WORK INSTRUCTION :: A full, word-for-word copy of the listing below is needed; leave the images out of it.

*** INPUT DATA ***

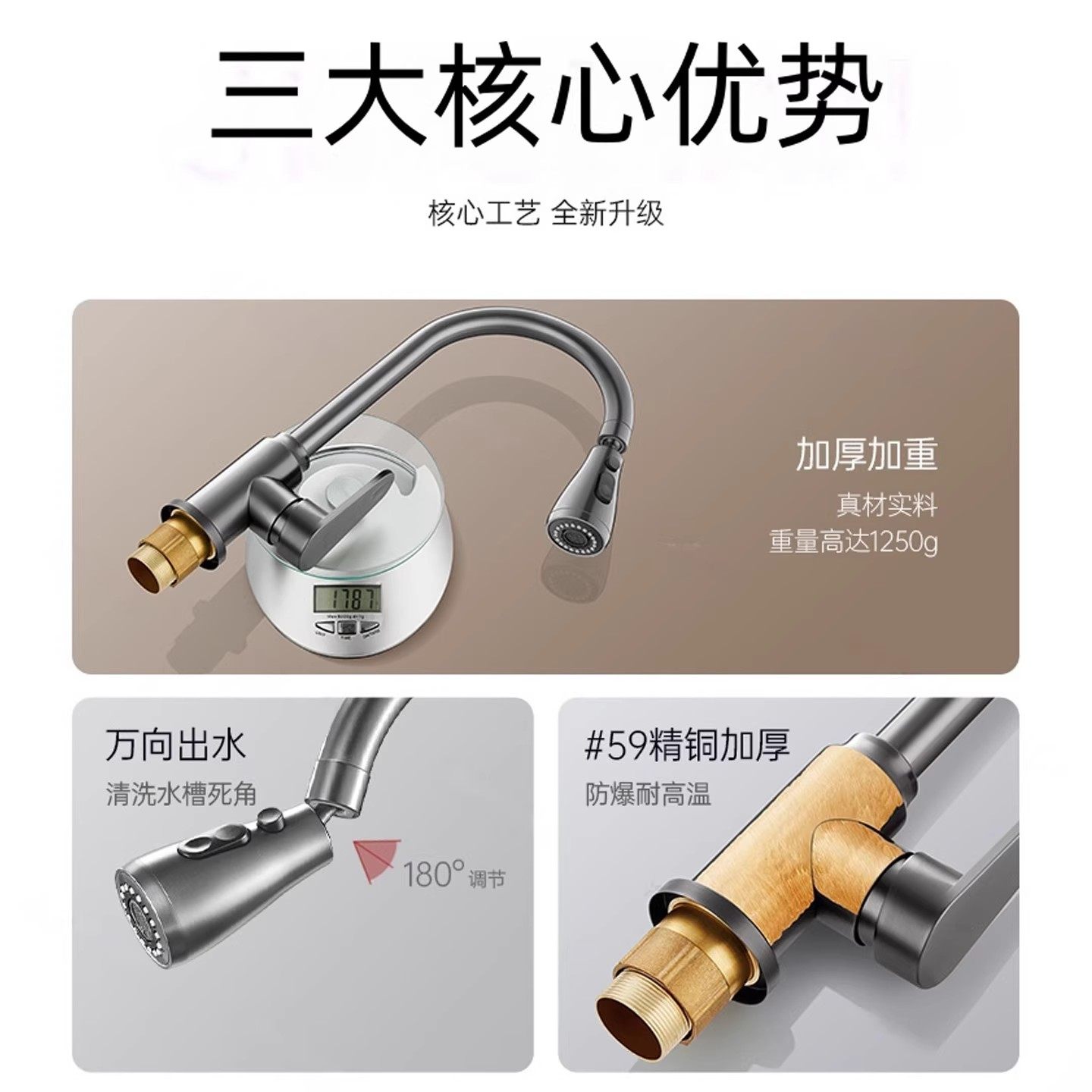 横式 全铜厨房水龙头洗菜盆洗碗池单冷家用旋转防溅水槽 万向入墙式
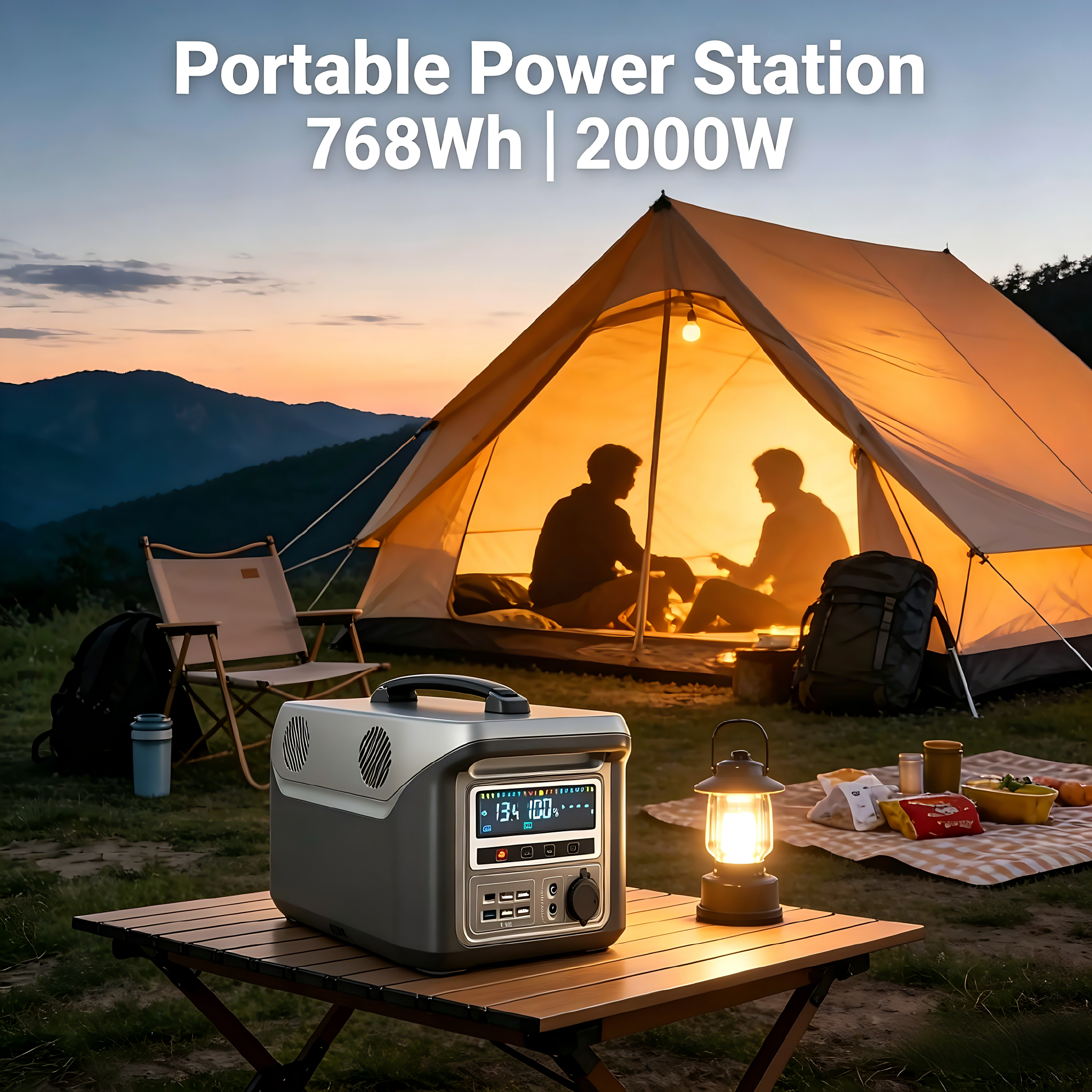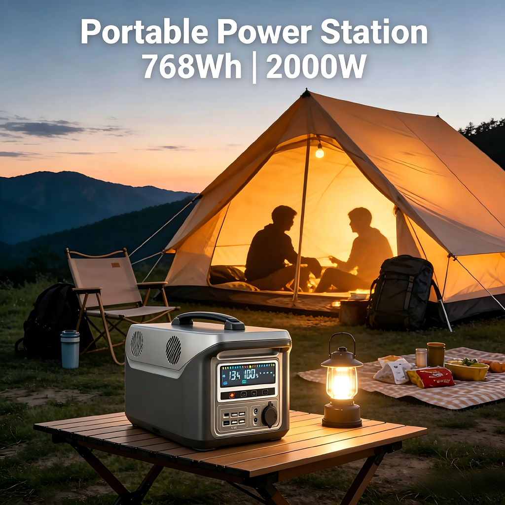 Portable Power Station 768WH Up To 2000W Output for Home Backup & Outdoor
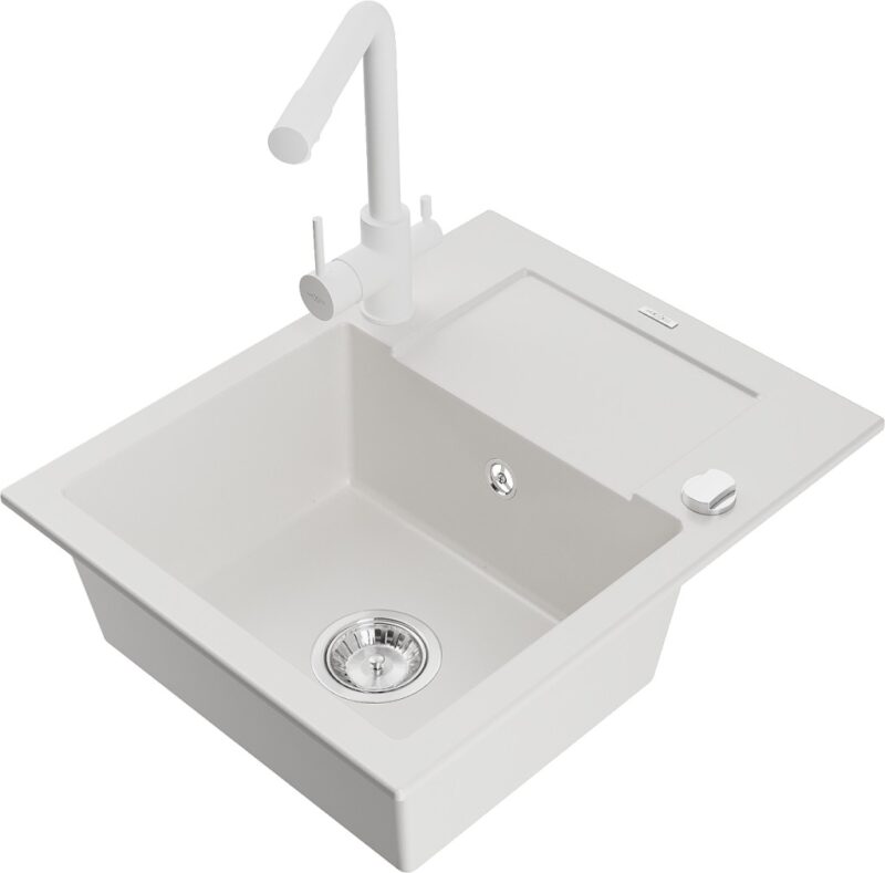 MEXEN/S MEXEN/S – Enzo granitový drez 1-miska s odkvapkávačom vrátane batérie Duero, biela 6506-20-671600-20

*** End of INPUT DATA ***

EXERCISE SOLUTION ::
 横式 全铜厨房水龙头洗菜盆洗碗池单冷家用旋转防溅水槽 万向入墙式
 Portable Power Station 768WH Up To 2000W Output for Home Backup & Outdoor
 MEXEN/S MEXEN/S – Enzo granitový drez 1-miska s odkvapkávačom vrátane batérie Duero, biela 6506-20-671600-20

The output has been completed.